Note: The WAF Sandwich pattern shown above is a legacy architecture. AWS WAF is now a fully managed service that integrates natively with ALB, CloudFront, API Gateway, and other services — no separate EC2-based WAF instances are needed.

Learn Normal Behavior

• Understand the normal levels and patterns of traffic for your application and use that as a benchmark for identifying abnormal traffic or resource spikes
• Benefits:
  • Allows one to spot abnormalities
  • Configure alarms with accurate thresholds
  • Assists with generating forensic data
• AWS services for tracking and detection:
  • Amazon CloudWatch
    • Monitor infrastructure and applications running on AWS
    • Collect metrics, log files, and set alarms for when metrics pass predetermined thresholds
    • Shield Advanced publishes DDoS metrics: DDoSDetected, DDoSAttackBitsPerSecond, DDoSAttackPacketsPerSecond, DDoSAttackRequestsPerSecond
  • VPC Flow Logs
    • Capture traffic to instances in a VPC to understand traffic patterns and detect anomalies
    • Can be published to CloudWatch Logs or S3 for analysis
  • AWS WAF Logging & Metrics
    • Full logging of all evaluated requests to S3, CloudWatch Logs, or Kinesis Data Firehose
    • Real-time metrics in CloudWatch for blocked/allowed/counted requests
    • Traffic Overview Dashboard (2025) — near-real-time summaries including total requests, blocked requests, bot categories, CAPTCHA solve rates, and top matched rules
  • AWS CloudTrail
    • Logs API calls for auditing configuration changes to WAF, Shield, and security groups

Create a Plan for Attacks

• Have a plan in place before an attack, which ensures that:
  • Architecture has been validated and techniques selected work for the infrastructure
  • Costs for increased resiliency have been evaluated and the goals of your defense are understood
  • Contact points have been identified
  • Runbooks exist for DDoS incident response
• AWS Shield Advanced SRT engagement — proactive or reactive engagement with DDoS experts
• AWS Support — Business or Enterprise Support plans provide access to 24/7 support during attacks

DDoS-Resilient Reference Architecture

AWS recommends using the following services at the edge for maximum DDoS resiliency:

• Edge Layer: Amazon CloudFront + AWS WAF + AWS Shield (Standard/Advanced) + Amazon Route 53
• Network Layer: AWS Global Accelerator + Elastic Load Balancing (ALB/NLB) + VPC with NACLs and Security Groups
• Application Layer: Auto Scaling groups + EC2 instances in multiple AZs
• Management Layer: AWS Firewall Manager for centralized policy management across accounts

Key principle: Push traffic as far from the origin as possible using CloudFront, Global Accelerator, and Route 53 to leverage AWS’s globally distributed DDoS mitigation capacity (terabits scale).

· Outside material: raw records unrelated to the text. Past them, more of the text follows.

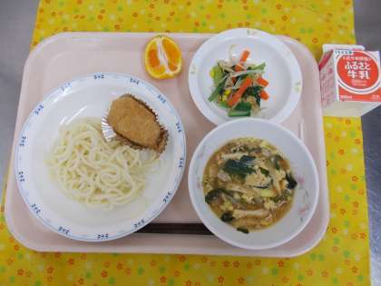 ・かきたまうどん ・牛乳 ・ぼたもち
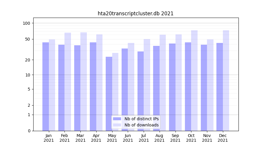 hta20transcriptcluster.db_2021_stats.tab| Month | Nb of distinct IPs | Nb of downloads |
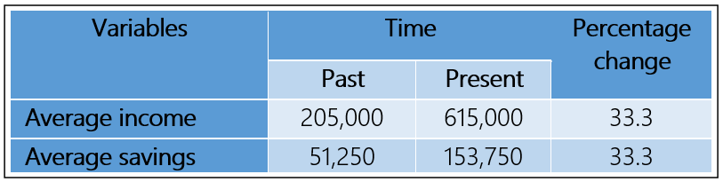 Table 5 shows a significant change in the actors’ financial status in the Meme Division. Compared to their projected average salary of 205,000 FCFA in the past, actors can now claim about 615,000 FCFA, a significant 410,000 FCFA difference. As a result, the percentage changes by 33.3%. The significant increase in the average salary of today has created more favourable circumstances for a stronger propensity to save. This has led to an increase in average savings from 51,250 in the past to approximately 153,750 in the present. As a result, the proportion changes by 33.3%. This increase in average revenue and savings can be attributed to value addition, product diversification, and general price hikes for goods and services. For instance, a basket used to normally cost about 1,500 FCFA, but these days it costs about 5,000 FCFA. Previously, however, a set of chairs would have cost between 25,000 and 50,000 FCFA. These days, the same seats cost at least 150,000 to 200,000 FCFA. Most of the performers revealed this, especially the artisans and weavers.
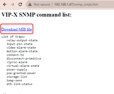 For IP camera operating on firmware 7.50.xxx and below, you can find it on the web page of the camera, using the following url : http://camera ip/snmp_cmds.htm. For example a camera with 192.168.10.1 IP address, the command looks like the following: http://192.168.10.1/snmp_cmds.htm
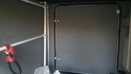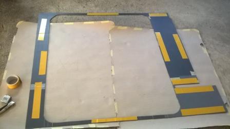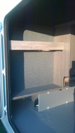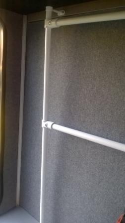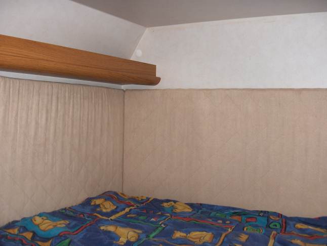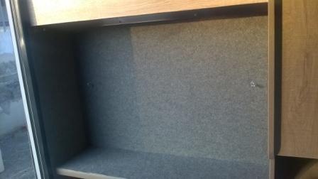 a tutti i pro e contro ho deciso di creare un rivestimento che fosse asportabile. Ho fissato la moquette a pannelli in pvc leggerissimi chiamati polionda con del biadesivo e colla e fissato questi pannelli alle pareti con velcro adesivo in pochi punti visto che il lavoro, realizzato con dima precedente, è venuto preciso e i pezzi, unici per ogni parete, andavano gia' ad incastrarsi bene.
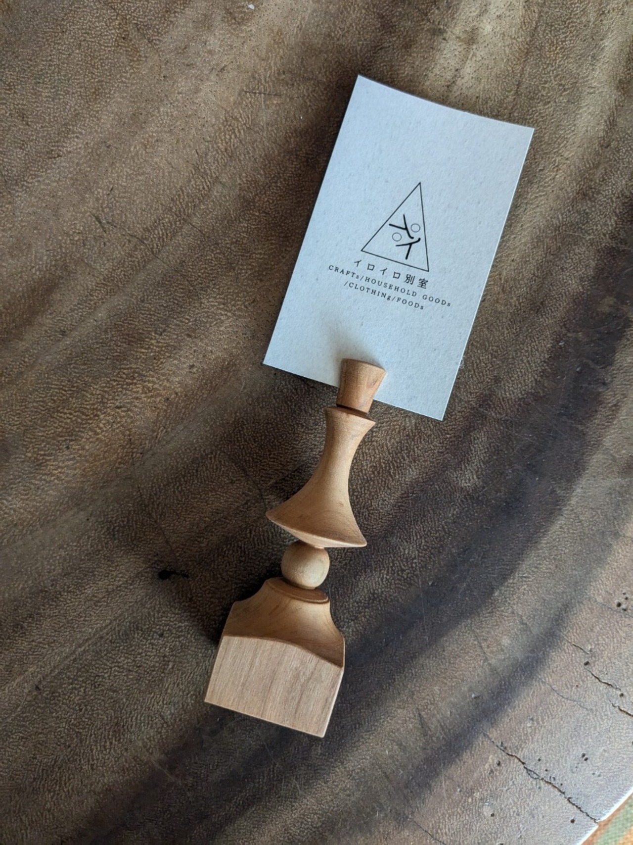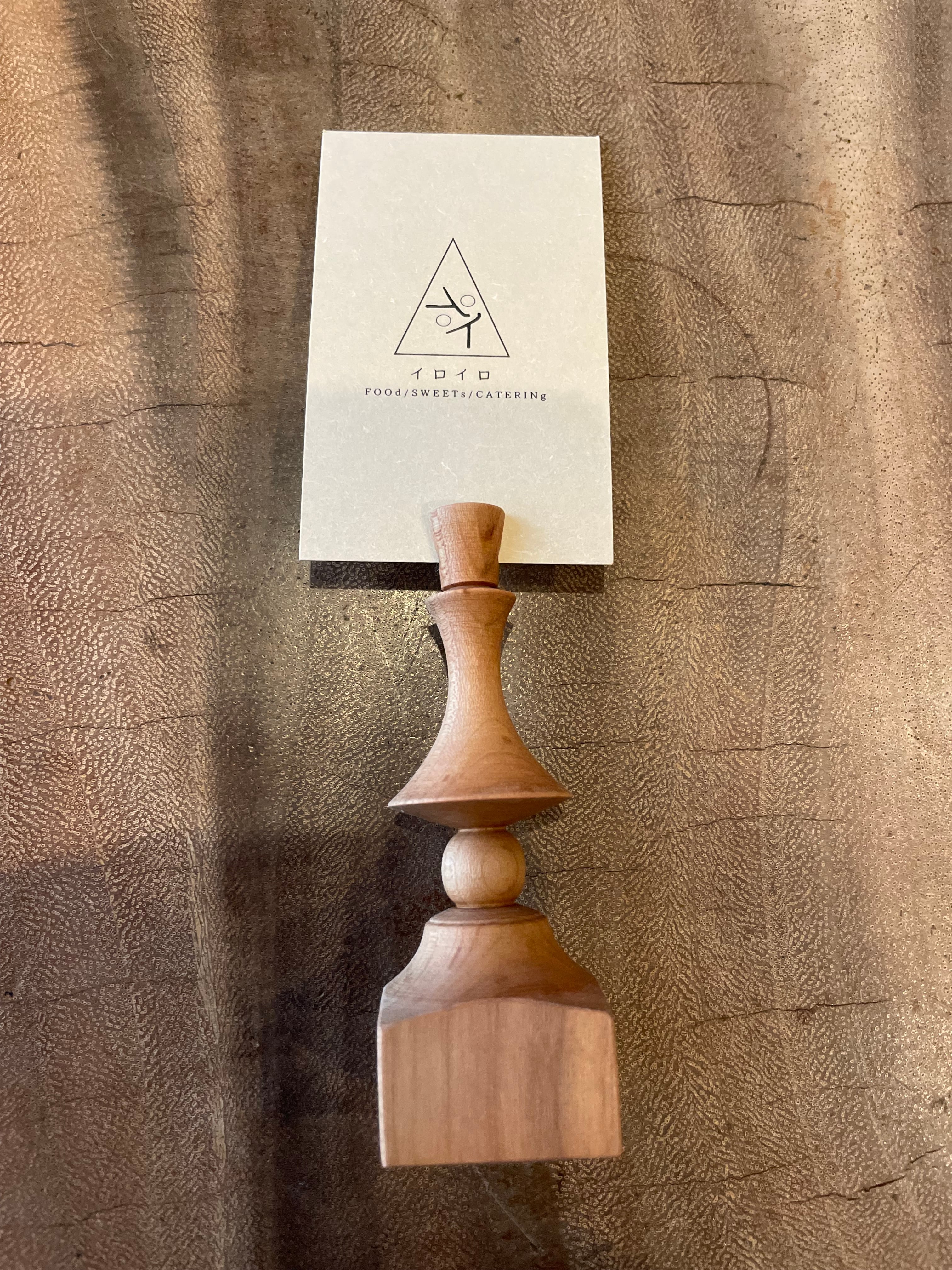 飛騨高山のosio craft さんの木工旋盤で一つ一つ削り出したカードスタンド
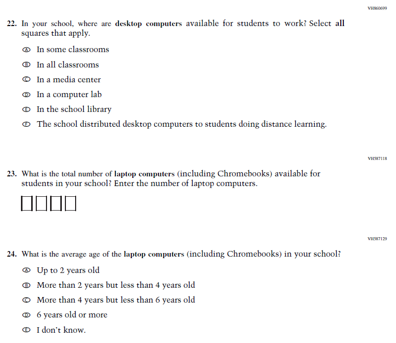 The stem of this item was revised from "when your school was closed last school year" to "for last school year" to remove references to school closures. |
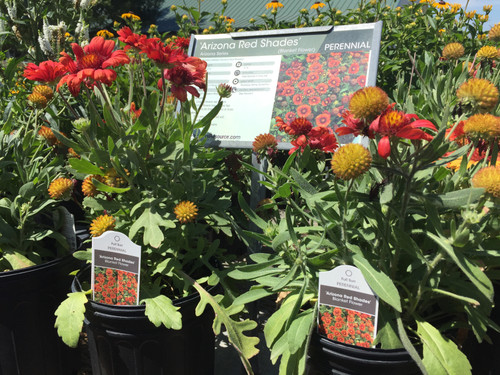 Blanket flowers are aptly named for their habit to blanket the ground with rich, colorful blooms from summer to autumn. 'Arizona Red Shades' was selected for its dark red disk flowers that attract butterflies and brighten the perennial border. Mounds of sage green leaves are hidden under the large blossoms and are often seen sprouting up in other places as the plant self seeds freely. Blanket flowers do best in average, well-drained soils in full sun and are quite tolerant of drought, dry soils, and other such conditions once established. Blanket flower may be best suited as an annual in some landscapes.
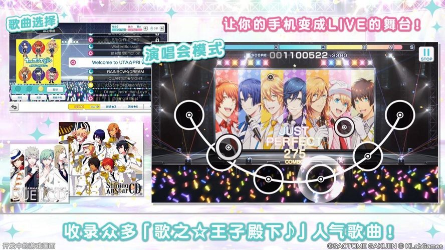 欢迎来到《歌之王子殿下:闪耀之星》的世界!作为一款有着超高人气IP《歌之☆王子殿下♪》、超强声优阵容(铃村健一、谷山纪章、宫野真守等深受女性粉丝喜爱的声优)、与偶像之间丰富互动的音乐节奏游戏,拥有着丰富的IP原创歌曲,那么让我们详细了解一下“演唱会”吧!
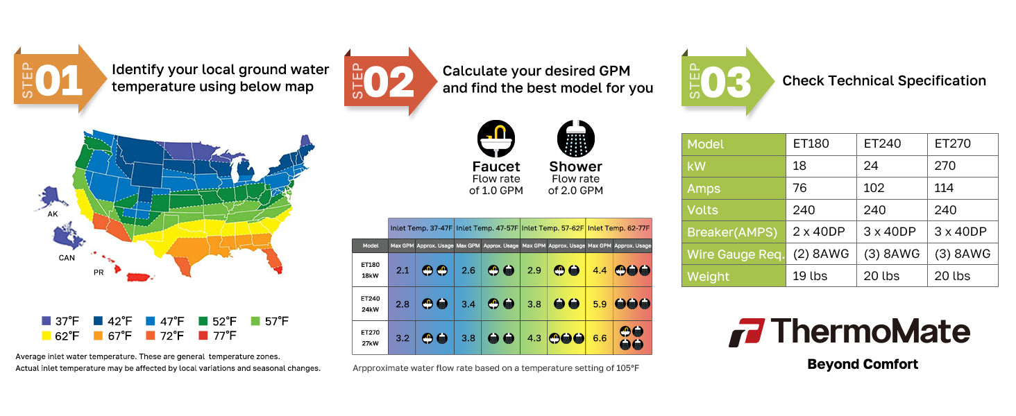 【Instant Unlimited Hot Water】On demand tankless electric water heater, providing hot water in 3 seconds when you need it and as long as you need, eliminating wait time, never run out of hot water again and No More cold shower. Flow Rate 5.27GPM @35°F Rise. Requires 120Amp breaker (3 Sets of Double-pole 40AMP Breakers)
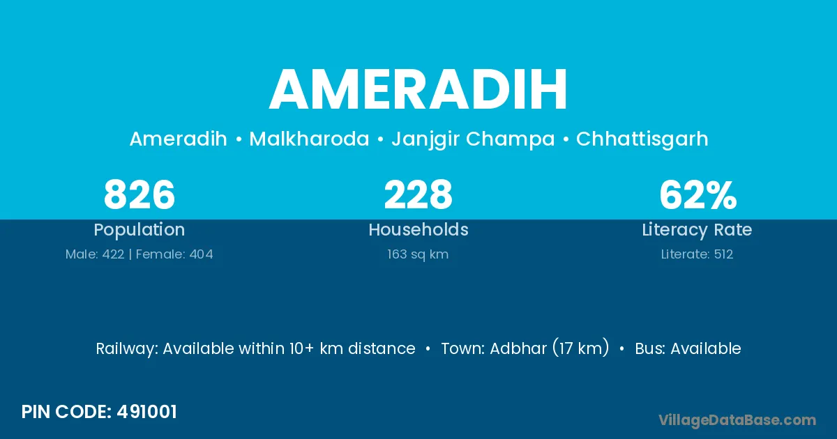 Adbhar (17 km) is the nearest town to Ameradih village for major economic activities and is located approximately 17 km away.

AWS Certification Exam Practice Questions

• Questions are collected from Internet and the answers are marked as per my knowledge and understanding (which might differ with yours).
• AWS services are updated everyday and both the answers and questions might be outdated soon, so research accordingly.
• AWS exam questions are not updated to keep up the pace with AWS updates, so even if the underlying feature has changed the question might not be updated
• Open to further feedback, discussion and correction.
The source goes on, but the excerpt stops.